For quite a while the answer was seen as revolutionary communism and indeed it seems the majority of artists and arts critics in Europe at the time were associated with one variety or another of Marxism. That that didn't turn out quite as successfully as hoped is another story.

Maury said...

I must say that this is about what I expected. Artists of whatever type engage in all kinds of wild assertions about art in general and about their art in particular. They are also merchants after all. Much of what Ernst said in the passage is pretty much nonsense. As for untrammeled Surrealistic subjectivity what was Romanticism, Impressionism, Cubism? Wasn't Bosch rather surrealistic?Wagner set the ball rolling with his published rants and it became a landslide among all kinds of 20th C artists. Now composers and artists spend more time talking about their art than actually doing it. Again almost all of it is polemical or self justifying farragos.

My point is still the same. There in no relationship between what Ernst said and what he was doing artistically. His very polished art does not break with the trajectory of Western painting; it just extends it. Yes Germano-Austrian artists in this era were despairing due to their nation's defeats and subsequent chaos. This was much less true of artists outside of central Europe I might add. Kandinsky and Henri Rousseau were far more disruptive in their art and influence and yet spoke in more positive terms about Art and their own works.

Wenatchee the Hatchet said...

Tom Wolfe's The Painted Word remains one of the best satires of art criticism and visual artists turning into psuedo-literary posers of the last fifty years. It does seem that there a few artists who write more about their visual creations than they can possibly say within those visual creations.
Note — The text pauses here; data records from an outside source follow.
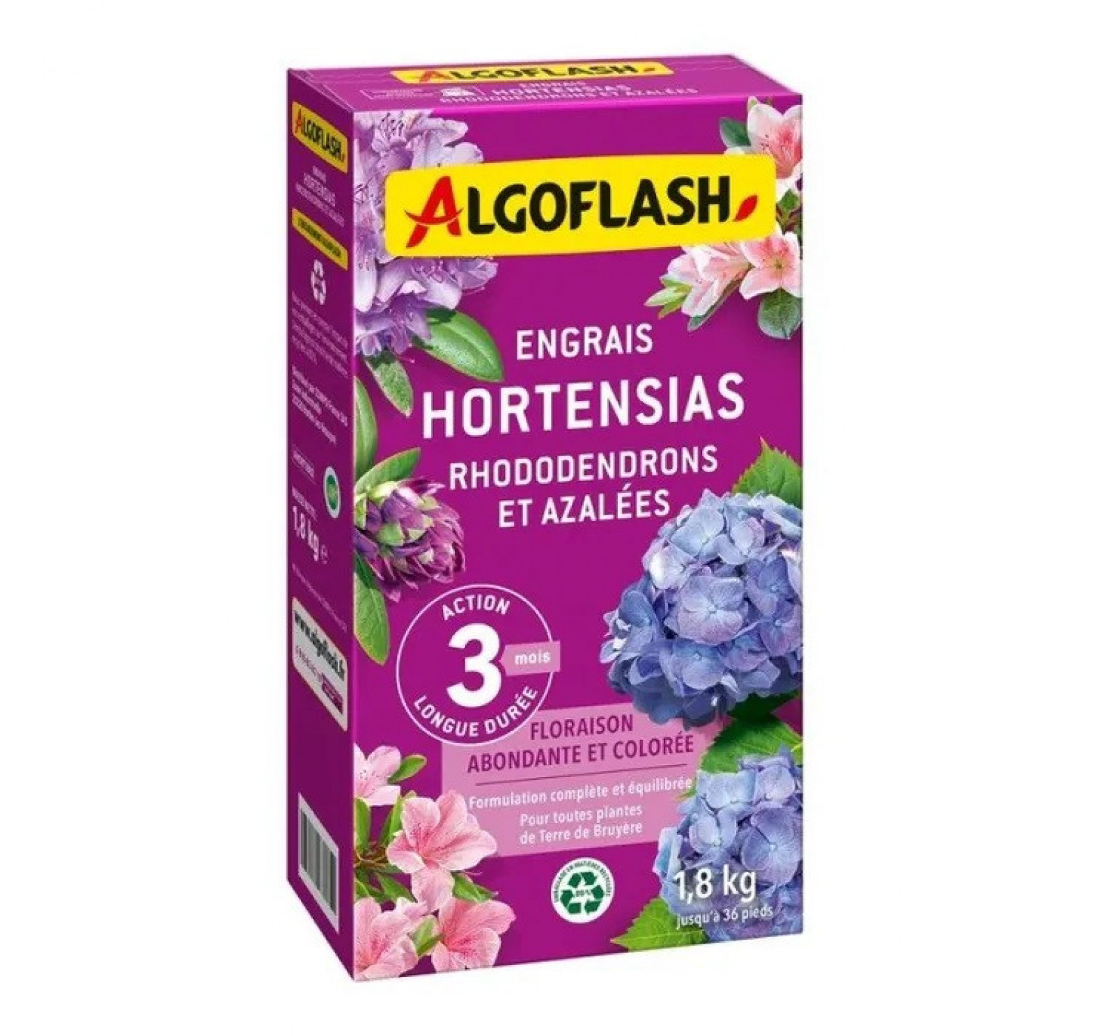 L'Engrais Hortensias et Rhododendrons Algoflash permet une floraison abondante, colorée ainsi qu'une végétation vigoureuse à toutes vos plantes de bruyère. Il convient à toutes les plantes craignant le calcaire (azalées, magnolias, camélias, bruyères, érables du Japon, etc.).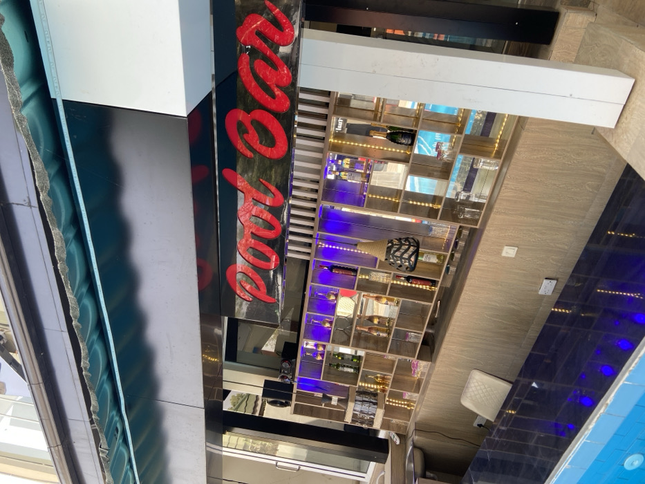 The image displays a "Pool Bar" establishment located in Barakin Lerawi, Nigeria. The scene presents a detailed view of a bar area, observed from a slightly elevated perspective. Above the bar, a dark, possibly black, awning or canopy with a teal underside is visible. Below this, a prominent sign featuring red, cursive lettering spells "Pool Bar" against a reflective, dark background. The primary subject is a well-organized bar setup. This includes a multi-tiered shelving unit, constructed from light-toned wood or laminate, filled with various bottles of alcohol such as wine, spirits, and champagne, alongside an assortment of empty and filled glassware. The shelving is illuminated by integrated blue LED strip lighting and additional warm white strip lights. A distinctive woven pendant light, conical in shape with a dark, patterned base, hangs from one of the shelves. To the far left of the bar, two black speakers are positioned on a shelf, adjacent to a small, metallic sink. In the lower portion of the image, a dark, reflective bar counter extends horizontally. Behind this counter, a single, light-colored, upholstered bar stool with a quilted diamond pattern is partially visible. The wall behind the counter and shelving unit appears to be light beige or wood-paneled, featuring two white electrical outlets. A segment of a swimming pool with blue tiles is visible in the lower left foreground, partially reflecting the blue light from the bar area. On the right side of the frame, a white vertical structural column is present. The environment appears clean and unoccupied by individuals.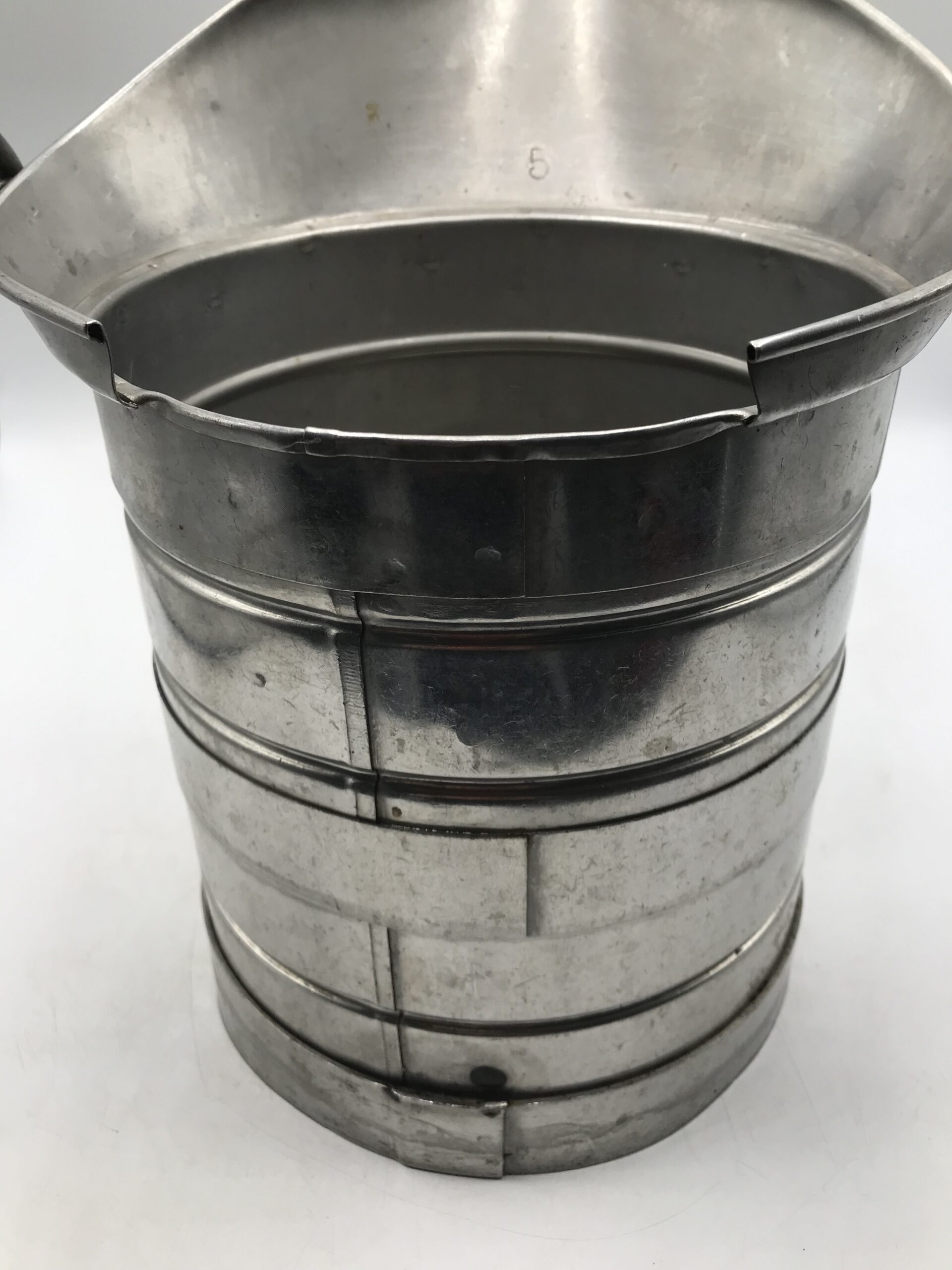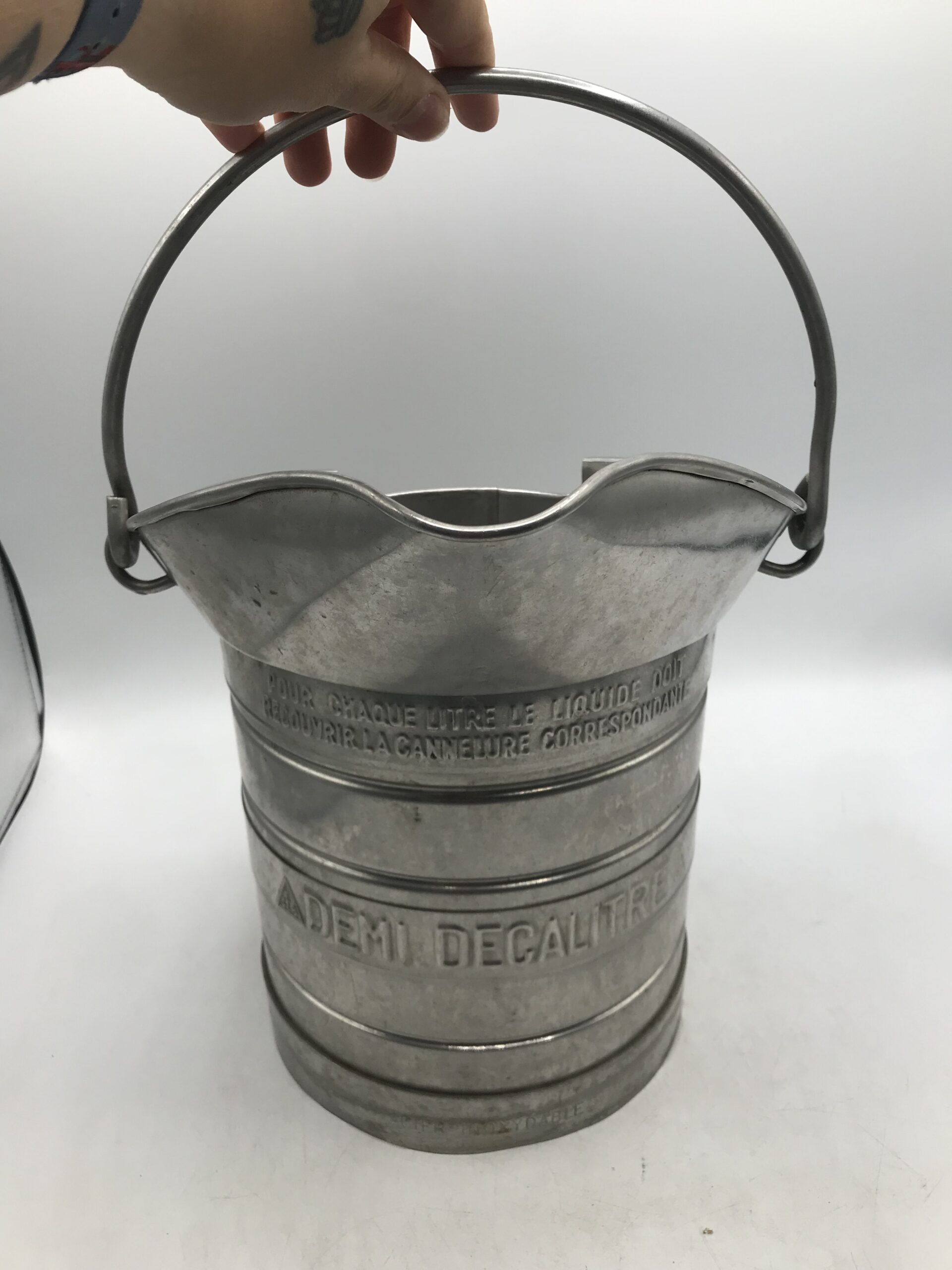 Seau Cache Pot Demi Décalitre. Il est marqué sur le devant avec la mesure SEB « Decalitre » SEB qui est d’environ 2,6 gallons dans les mesures américaines et est utilisé pour contenir et mesurer jusqu’à dix litres de liquide car il y a des chiffres sur la surface intérieure de chaque côté. Charmant seau de ferme en métal qui était utilisé à l’époque pour fabriquer du vin, du cidre, de l’huile d’olive. Un bel objet ancien qui a beaucoup de charisme. Il peut aussi bien être utilisé comme cache pot ou juste pour compléter une déco champêtre. Le seau a un diamètre de 19 cm pour une hauteur total de 28 cm. Le seau porte des marques de rouille sur le fond (cf photos) mais reste en bon état général. En acier inoxydable, il est taillé pour résister.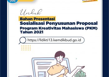 Unduh bahan Presentasi Sosialisasi Penyusunan Proposal PKM Tahun 2021 pada tautan di bawah ini: http://bit.ly/MateriSosialisasiPKM2021-LLDIKTI13

The Wittenburg Door long ago had a satirical cartoon where a Christian singer-songwriter is shown holding his guitar and says "Let me spend fifteen minutes talking about the biographical and theological circumstances and significance of this three minute song".

So it's not just in classical music, the impulse to talk more about an art than actually doing it shows up in certain subsets of popular music, too.

Bryan Townsend said...

One of my ongoing reading projects is the mammoth volume Art in Theory 1900 - 2000 (1,200 pages!). I have to confess that this is the first time I have set out to read a significant amount of discussion of the (primarily) visual arts and it is illuminating to say the least. Yes, I read with great enjoyment the Tom Wolfe book.

After this, I intend to re-read John Cage's writings.